第5話 育児のいろは
扉からノックが聞こえエルが出ると、向こう側には綺麗な人が立っていた。
『神様、お邪魔致します。先程頼まれていた食料をお持ちしました』
「ありがとう、えっと、モドゥだったか」
『はい。小さき人間もこんにちは』
綺麗な人は私に話しかけてきたので慌てて頭を下げた。
まだ咄嗟には声が出てこない。
「モドゥ入りなさい、大したものはないが」
『お邪魔致します』
「えっと、おねぇちゃん、いらっしゃい、ませ」
私がお姉ちゃんというと綺麗な人は顔を抑え突然私に背を向けたと思うと叫び始めた。
『なななんあっ、神様!! この小さき人間は何なのですか!?』
「へ......? 何って何......?」
私は何か綺麗なお姉さんにとっていけない存在なのかと思い悲しくなる。
『何なのですか!! この可愛らしい生物はーー!!』
「「はい?」」
『はああああ、ちいさい、可愛い、ちいさいでも人間、でも、でも、可愛いっ!!』
綺麗なお姉さんは私を抱っこすると突然ぐりんぐりんと頭を撫でたりその場で回ったり。
そのお陰で私は目が回りぐったりしてしまった。
「モドゥ、落ち着いて、ストッーープ」
『あ......ごめんなさい、小さき人間。人間は脆いものだと忘れておりましたわ』
「ら、らいじょ、ぶぅ......」
ちかちかと星が見えた。
『それにしても、小さき人間は魂と器があっていないようですね』
「ああ、器の状態が良くなくてね」
ぐぅうううっと元気よく私のお腹が返事をしてしまった。
起きてから何も食べていないし、食べたのもあのスープ一回だけだ。
「まずは、モドゥから頂いた食料でご飯にしましょうか」
『小さき人間あと少し我慢できますか?』
「あのね、私チハルだよ。お姉さんの名前教えて?」
『ふむ、チハルですね。私は森の管理者ドライアドであり名をモドゥといいます』
「もどぅ......うー姉って、よんでいい?」
私が首を傾げると、綺麗な人は凄い勢いで首を縦に振ってくれた。
神様が食事を用意してくれている間にうー姉にお話する。
「あのね、うー姉みけ猫のみけ太を知ってる?」
『みけ猫のみけ太?なんですそれは』
「獣人ってのになってるってエルが言ってたよ?」
『獣人のみけ太......ごめんなさいね、私には分からないわ』
「そっか......ありがとう」
私があまりにもしょんぼりとしてしまったようでモドゥは頭を撫でてくれた。
「モドゥにも分かりませんか」
『神様はそこまで分かっているのに居場所をご存じないのですか?』
「はは、私は創造主であり全知全能の神ではありませんから」
『ふむ......では、ここから1里離れた所に獣人の村があります、そこで聞いてみるのがいかも知れません』
「成程、それはいい考えですね」
テーブルに並ぶのはかくかくと切られた果物。
何の果物か想像がつかないが、多分、リンゴだと思う。
モドゥさんは絶句した様子でテーブルに出された果物を見ていた。
『か、神様差し出がましいようですが、少しお台所を借りますね』
「ええ、構わないが......」
そういうと、台所にある物をつかって、リンゴをすり卸し蜂蜜を垂らし私の前においてくれた。

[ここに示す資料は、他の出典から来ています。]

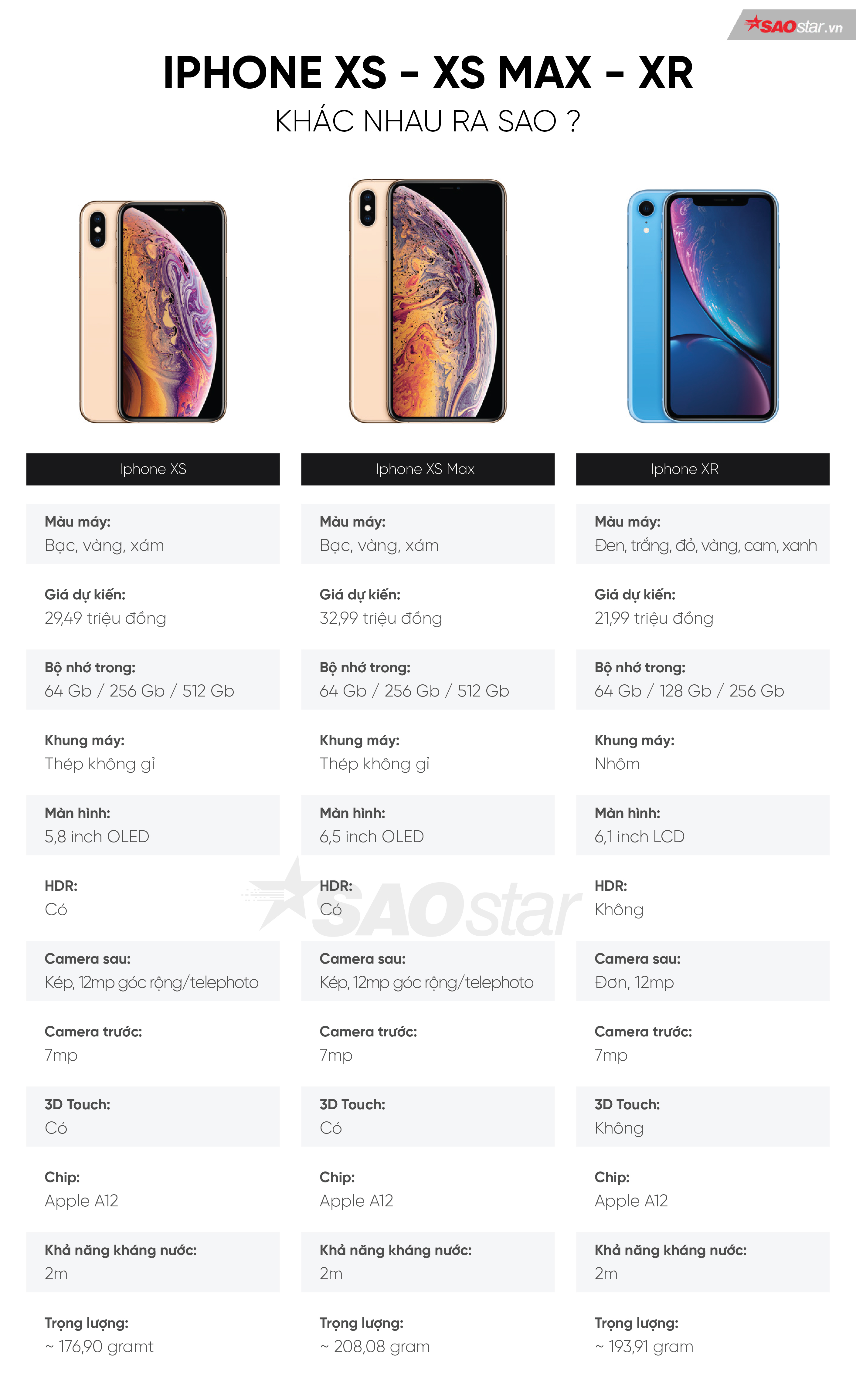 Sau rất nhiều chờ đợi và đồn đoán, iPhone Xs, iPhone Xs Max và iPhone Xr cũng đã chính thức được Apple trình làng trong sự kiện diễn ra vào 0h sáng ngày 13 tháng 9 (theo giờ Việt Nam). Nếu cảm thấy quá “rối rắm” với tất cả những thông tin Apple công bố đêm qua về chiếc iPhone mới, hình ảnh tổng hợp dưới đây sẽ giúp bạn có được cái nhìn tổng quan một cách nhanh nhất.

『チハルは体力がない上に食べる力が極端に弱っているのでこのような液状に近いお食事がよいかと』
「やっぱりそうか、最初スープだけは出したのだが何を与えればいいか分からなくてな」
『そうでしたか(これは、チハルの生命にかかわるかもしれないわ!)』
大人の会話を聞き流しながら、私は、うー姉がつくてくれたすりおろしのリンゴを食べながら幸せに浸っていた。